Gdyby przyjąć przeciętne zarobki na poziomie proponowanym przeze mnie (średnia krajowa + 20% jako dorobienie), singiel o dochodach w okolicach 3000 zł, musiałby żyć za… 150 zł miesięcznie. DINKS-y za 300 zł na parę. To tak nie działa. Także kolejne filary zostają potrzaskane. Zakaz sknerstwa to m.in. niedopuszczanie myśli o żerowaniu na innych oraz oszczędzaniu na podstawowych potrzebach. Bez tego nie da się żyć za 150 zł/osobę. Samo jedzenie kosztuje więcej, a gdzie koszty dachu nad głową, ubrań itp. ? No właśnie, muszą być pobrane z kieszeni rodziny, współlokatora. Czyli sknerzymy. Także trójkąt zamożności tak nie działa. Jak pamiętacie ma on trzy boki: oszczędzanie, zarabianie, inwestowanie. Powinny być mniej więcej równe. Tymczasem żyłując oszczędności, przestajemy zwracać uwagę na pozostałe elementy.

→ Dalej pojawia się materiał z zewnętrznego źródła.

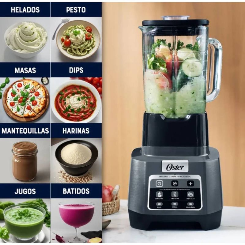 La licuadora profesional Xtreme Mix es la herramienta perfecta para quienes buscan potencia, innovación y resultados consistentes en la cocina. Gracias a su tecnología reversible, las cuchillas giran en ambas direcciones para lograr mezclas más homogéneas, evitando atascos y garantizando texturas suaves en todo tipo de preparaciones.

Jako minimum kosztów życia na osobę przyjmuję tzw. minimum socjalne tj.  1077 zł (dane za grudzień 2015 r.). Jeszcze niżej jest minimum egzystencji (granica biologicznego wyniszczenia)  – 545 zł (dane za 2015 r.). Czyli, gdyby oszczędzać na wszystkim (np. wydatki na jedzenie 200 zł, na mieszkanie ok. 250 zł), aby osiągnąć poziom oszczędności wskazany przez tego blogera, musielibyśmy zarabiać ok. 10.000 zł. Zarabiać 10.000 zł (netto!) i żyć na poziomie minimum egzystencji. Jak mawiała moja babcia, trzeba mieć nie po kolei w domu. Zwróćmy uwagę, że cały czas mówimy o singlu. Rodzina 2+1 żyłaby za 1500 zł zarabiając 30.000 zł netto miesięcznie. Nie znam nikogo takiego i… całe szczęście.

Dlatego odkładanie 95% zarobków,  to rada czysto teoretyczna, dla osób, które zarabiają raczej w okolicach 100.000 zł miesięcznie.

Ja nadal będę koncentrował się na wspieraniu przejścia drogi do miliona przez osoby zarabiające przeciętnie.